Cour constitutionnelle (Cour d'Arbitrage): Arrêt du 22 septembre 2016 (Belgique). RG 114/2016

Date :
22-09-2016
Langue :
Allemand Français Néerlandais
Taille :
3 pages
Section :
Jurisprudence
Source :
Justel F-20160922-4
Numéro de rôle :
114/2016

Résumé :

La Cour dit pour droit : l'article 1022 du Code judiciaire, tel qu'il a été inséré par l'article 7 de la loi du 21 avril 2007 puis modifié par l'article 2 de la loi du 22 décembre 2008, ne viole pas les articles 10 et 11 de la Constitution.

Arrêt :

Ajoutez le document à un dossier () pour commencer à l'annoter.

La Cour constitutionnelle,

composée des présidents J. Spreutels et E. De Groot, et des juges L. Lavrysen, A. Alen, J.-P. Moerman, E. Derycke et F. Daoût, assistée du greffier F. Meersschaut, présidée par le président J. Spreutels,

après en avoir délibéré, rend l'arrêt suivant :

I. Objet de la question préjudicielle et procédure

Par arrêt du 2 mars 2015 en cause de Cécile Jenart et Marouan El Arbaoui contre l'officier de l'état civil de la commune de Dour, dont l'expédition est parvenue au greffe de la Cour le 13 mars 2015, la Cour d'appel de Mons a posé la question préjudicielle suivante :

« L'article 1022 du Code judiciaire, tel qu'il est rédigé dans l'attente de l'entrée en vigueur de la loi du 21 février 2010 (et lu conformément entre autres aux arrêts de la Cour constitutionnelle du 18 mai 2011 (n° 83/2011) et du 8 mars 2012 (n° 43/2012)), viole-t-il les articles 10 et 11 de la Constitution, en ce qu'une indemnité de procédure peut être mise à charge de la partie qui succombe dans un recours intenté, contre l'officier de l'état civil, sur la base de l'article 167, dernier alinéa, du Code civil, alors que lorsque l'officier de l'état civil succombe dans ce même cadre aucune indemnité de procédure ne peut lui être imposée ? ».

(...)

III. En droit

(...)

B.1. L'article 1022 du Code judiciaire, inséré par l'article 7 de la loi du 21 avril 2007 puis modifié par l'article 2 de la loi du 22 décembre 2008 dispose :

« L'indemnité de procédure est une intervention forfaitaire dans les frais et honoraires d'avocat de la partie ayant obtenu gain de cause.

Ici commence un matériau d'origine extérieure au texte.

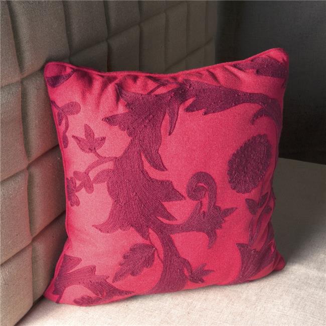 Edie at Home EAH014XXREDX27 Floral Crewel Embroidered Pillow Red
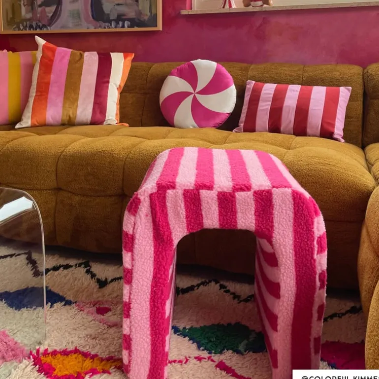 Dit vrolijke kussen wil je hebben! Het kussen heeft rood en roze strepen en fleurt elke ruimte op. Combineer ‘m met andere kleurrijke kussens op je bank, in een fauteuil of op je bed. Het kussen is gemaakt van polyester en heeft een hoogte van 30 cm en een breedte van 45 cm. Het kussen is aan de voor- en achterkant hetzelfde en is voorzien van een ritssluiting aan de onderkant. Hierdoor kan de hoes gemakkelijk worden verwijderd en worden gewassen in de wasmachine (maximaal 30°C).
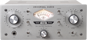 710 Twin-Finity™ завоевавшей множество престижных наград — это необычный предусилитель от Universal Audio, сочетающий в себе классическое, теплое звучание лампы и колючих транзиентов транзистора в компактном 2U корпусе шириной в половину рэка. 710 специально спроектирован для того чтобы расширить тембр, а также доставить тональную универсальность, отсутствующую у многих предусилителей. Выбор между 100% ламповым и 100% транзисторным окрасом предлагает богатый спектр неповторимых тембров предусиления и даёт возможность создать собственное неповторимое звучание. На сегодняшний день на рынке профессиональной аппаратуры для звукозаписи существует огромный выбор между множеством ламповых или транзисторных предусилителей, но 710 – единственный, сочетающий в себе достоинства из обоих миров — как все что находится посередине – все в одном корпусе и в пределах досягаемости бюджета любой серьезный студии.
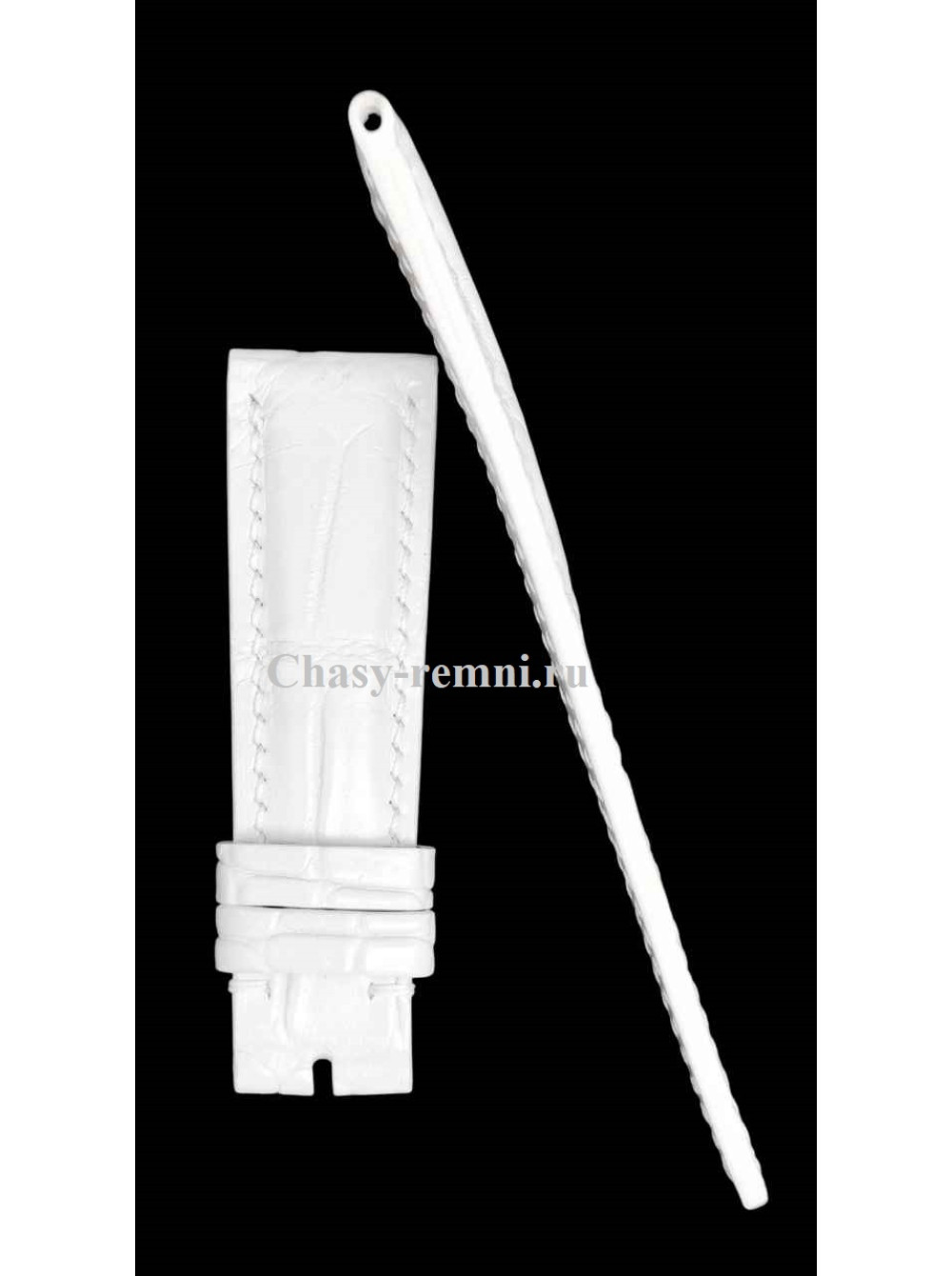 Ремешок ручной работы, отличная замена оригинальному ремешку для часов ULYSSE NARDIN. Кожаный, белый ремешок без клипсы. Натуральный аллигатор. Размер входящий в корпус и на клипсу 19/16 мм. Длина ремешка 65*100 мм.
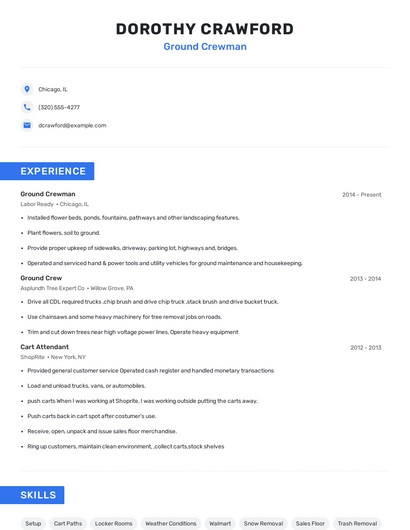 Build a professional ground crewman resume in minutes. Our AI resume writing assistant will guide you through every step of the process, and you can choose from 10+ resume templates to create your ground crewman resume.7. Shovels

Après avoir pris l'avis de l'Ordre des barreaux francophones et germanophone et de l'Orde van Vlaamse Balies, le Roi établit par arrêté délibéré en Conseil des ministres, les montants de base, minima et maxima de l'indemnité de procédure, en fonction notamment de la nature de l'affaire et de l'importance du litige.

A la demande d'une des parties, éventuellement formulée sur interpellation par le juge, celui-ci peut, par décision spécialement motivée, soit réduire l'indemnité soit l'augmenter, sans pour autant dépasser les montants maxima et minima prévus par le Roi. Dans son appréciation, le juge tient compte :

- de la capacité financière de la partie succombante, pour diminuer le montant de l'indemnité;

- de la complexité de l'affaire;

- des indemnités contractuelles convenues pour la partie qui obtient gain de cause;

- du caractère manifestement déraisonnable de la situation.

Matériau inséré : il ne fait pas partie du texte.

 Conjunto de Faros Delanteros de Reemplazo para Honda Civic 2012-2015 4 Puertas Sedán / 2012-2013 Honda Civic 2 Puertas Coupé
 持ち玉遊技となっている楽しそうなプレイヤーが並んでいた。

Si la partie succombante bénéficie de l'aide juridique de deuxième ligne, l'indemnité de procédure est fixée au minimum établi par le Roi, sauf en cas de situation manifestement déraisonnable. Le juge motive spécialement sa décision sur ce point.

Lorsque plusieurs parties bénéficient de l'indemnité de procédure à charge d'une même partie succombante, son montant est au maximum le double de l'indemnité de procédure maximale à laquelle peut prétendre le bénéficiaire qui est fondé à réclamer l'indemnité la plus élevée. Elle est répartie entre les parties par le juge.

Aucune partie ne peut être tenue au paiement d'une indemnité pour l'intervention de l'avocat d'une autre partie au-delà du montant de l'indemnité de procédure ».

L'article 2 de la loi du 21 février 2010, qui apporte plusieurs modifications à l'article 1022 du Code judiciaire, entrera en vigueur à la date que le Roi fixera (article 6 de cette loi).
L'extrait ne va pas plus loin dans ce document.